Ivermectin/Pyrantel Pamoate

Ivermectin/Pyrantel Pamoate Adverse Event Insights

The FDA Center for Veterinary Medicine database currently holds 135 adverse event reports referencing Ivermectin/Pyrantel Pamoate, including 4 reports in which the animal died — a 300.0% case-fatality figure among reported events only, not a population-level mortality rate. Active ingredient on file: Ivermectin/Pyrantel Pamoate. Reported administration routes include Oral, Unknown. These numbers reflect voluntary submissions from pet owners, veterinarians, and manufacturers and therefore under-represent mild events and over-represent severe ones — a pattern the FDA has documented repeatedly for pharmacovigilance datasets.

The species most frequently named in Ivermectin/Pyrantel Pamoate reports are Dog (135 reports), with Dog accounting for the largest share.
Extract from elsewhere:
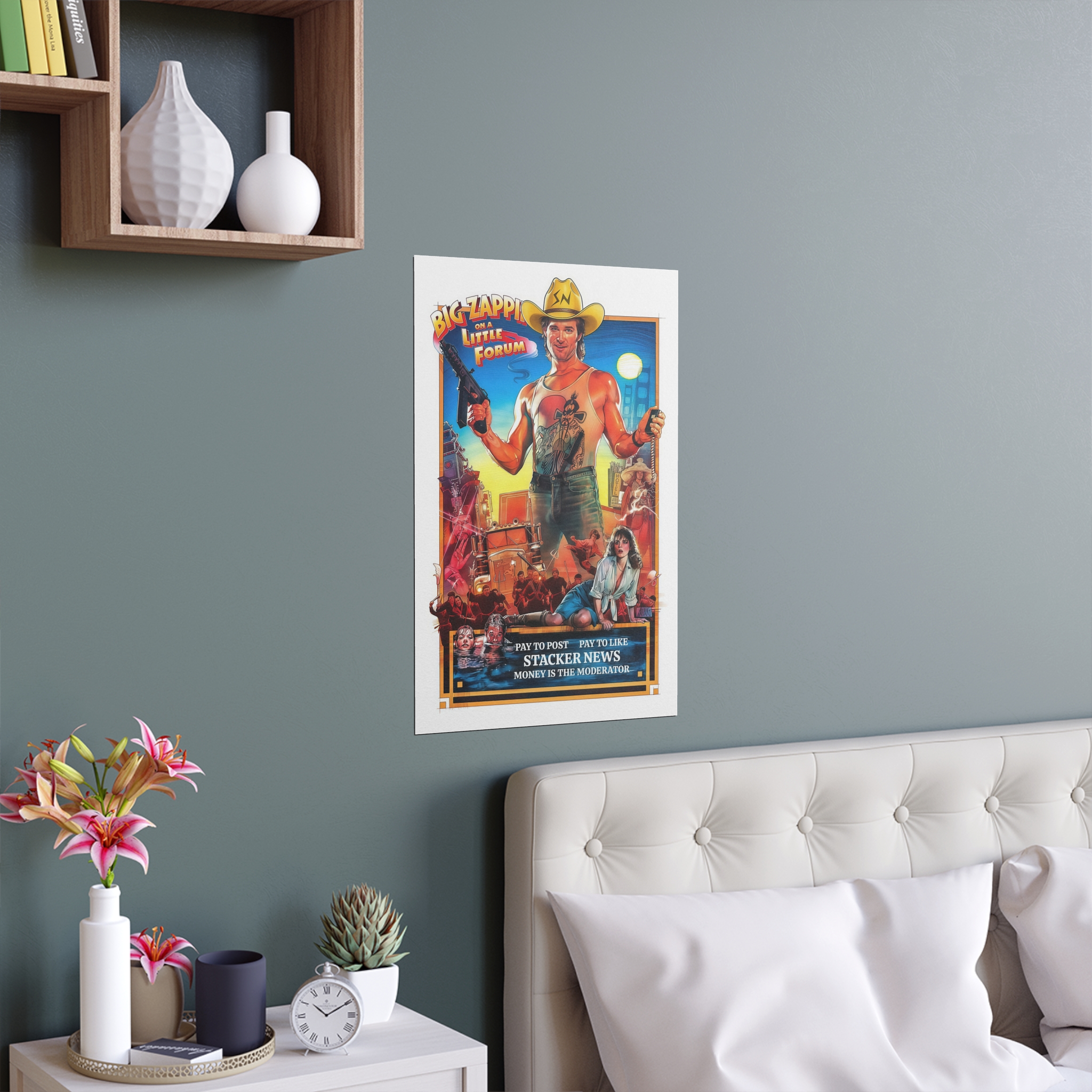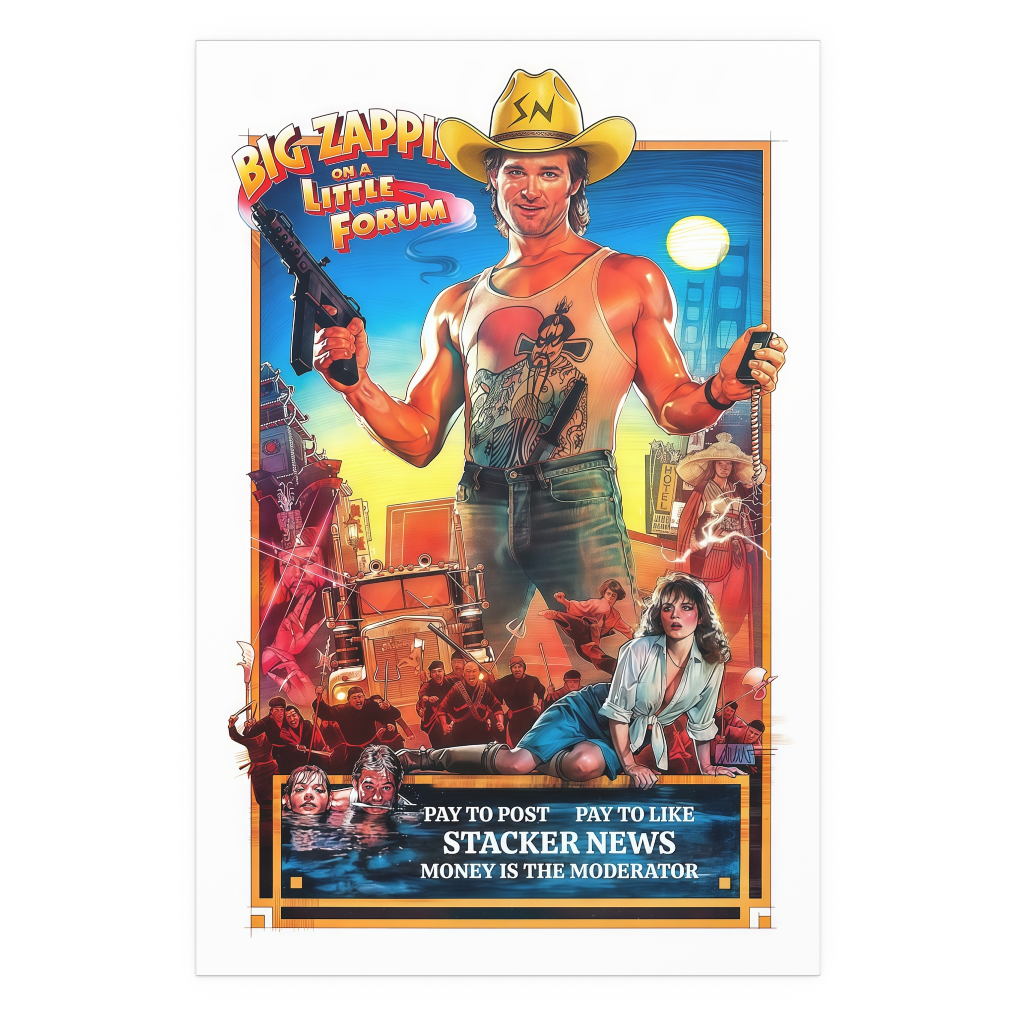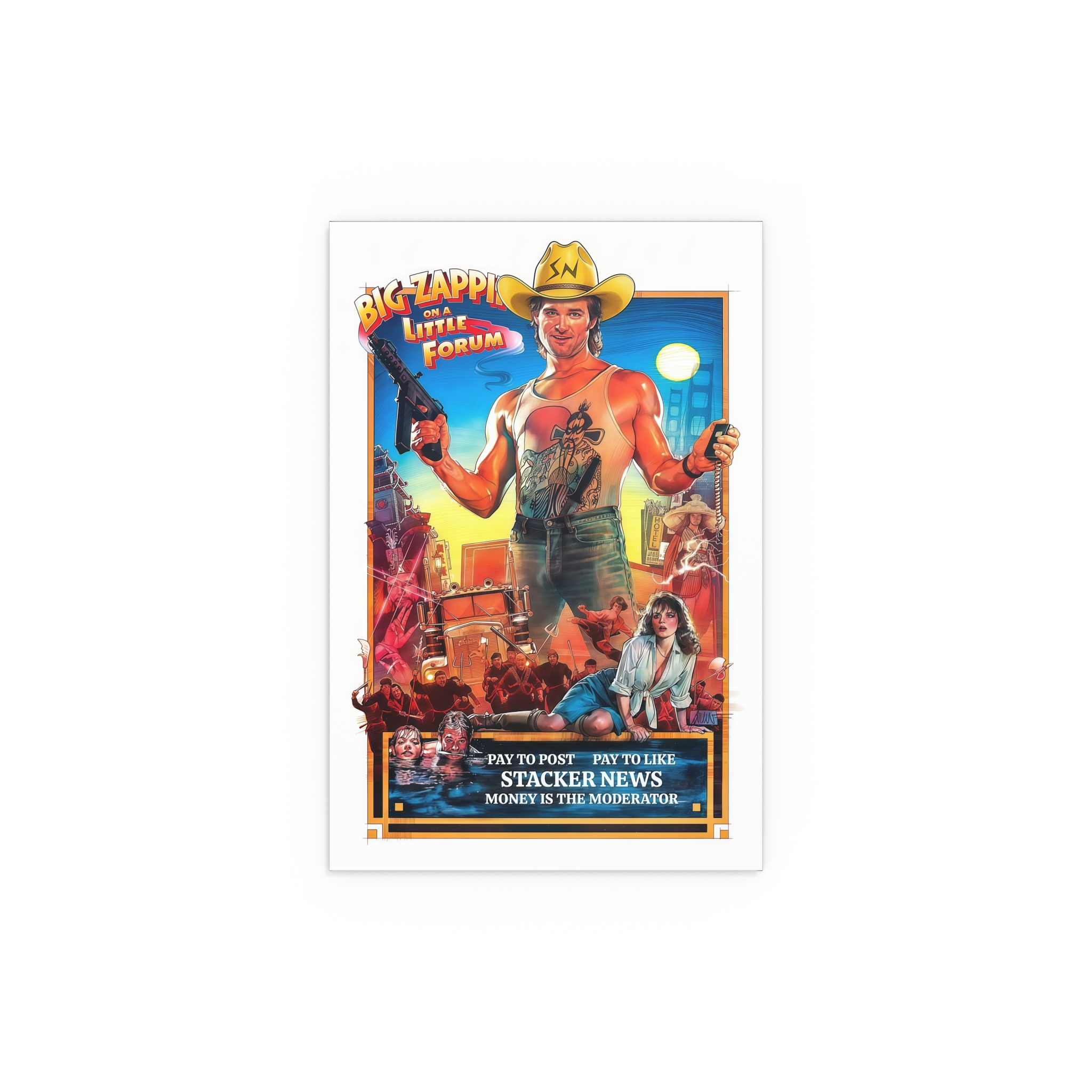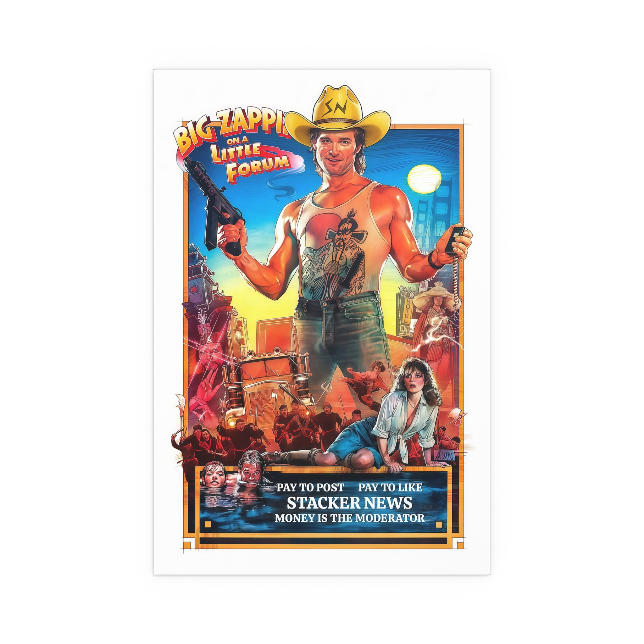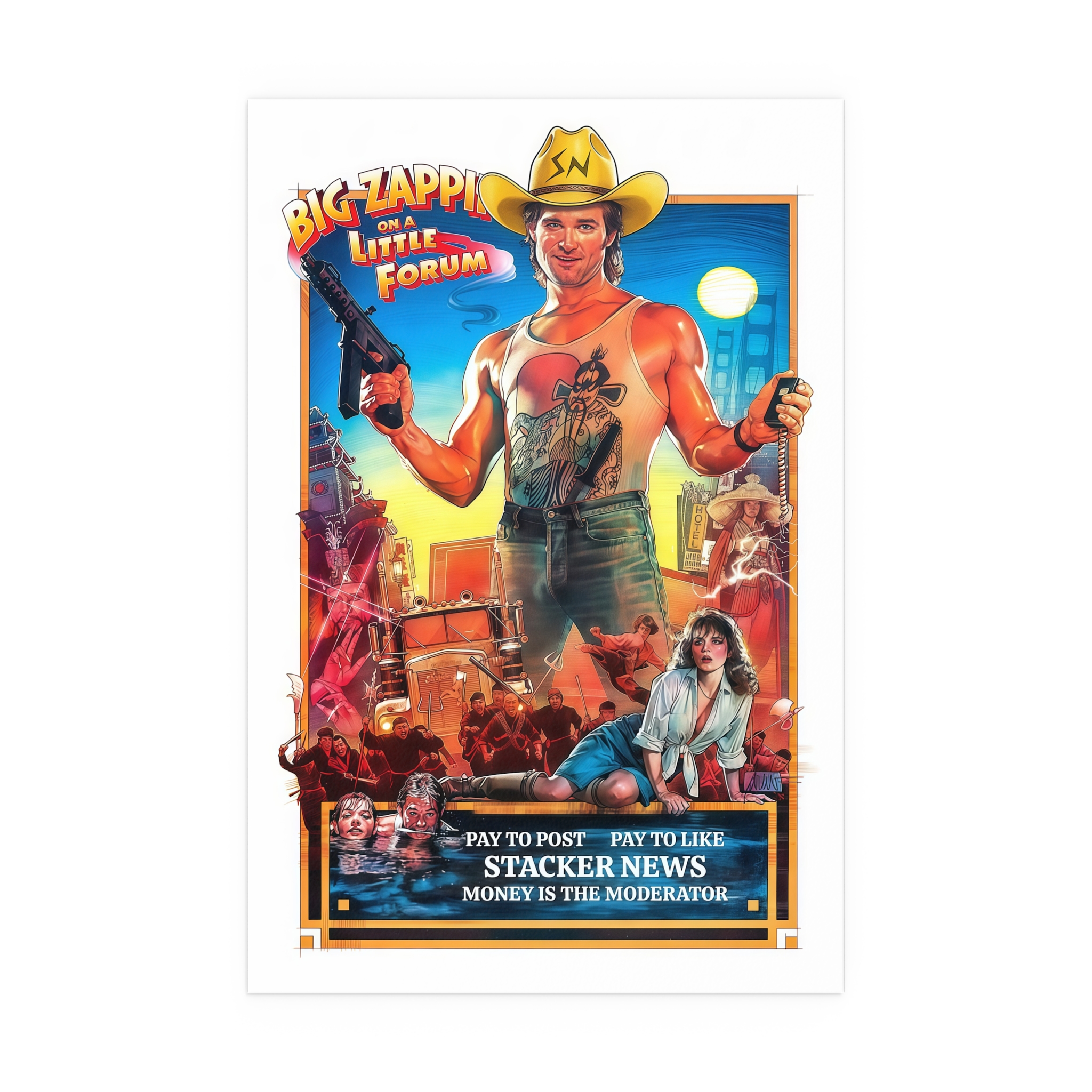 Channel the grit and energy of a vintage screen with this silk-finish poster from the “The Money is the Moderator” series. Each print feels like a relic from a long-ago theater marquee, reimagined as a STACKER.NEWS advertisement—bold headlines, saturated hues, and that slightly rebellious, cinematic vibes.

Within those species, Retriever - Labrador (23), Crossbred Canine/dog (13), Shepherd Dog - German (9) appear most often — though breed popularity and ownership density shape these counts as much as any drug-specific sensitivity. This distribution matters because the same active ingredient can behave very differently across body sizes, ages, and species physiology.

The most commonly reported clinical signs associated with Ivermectin/Pyrantel Pamoate are INEFFECTIVE, HEARTWORM LARVAE (49), Lack of efficacy (endoparasite) - heartworm (13), Diarrhoea (12), INEFFECTIVE, HOOKS (12). Of the 135 reports with a coded outcome, Outcome Unknown is the leading category at 39.3%. Because FDA adverse event data describes correlation rather than causation, these figures are best used to frame informed questions with a veterinarian and to compare reporting patterns across related products — not as a standalone safety verdict on Ivermectin/Pyrantel Pamoate.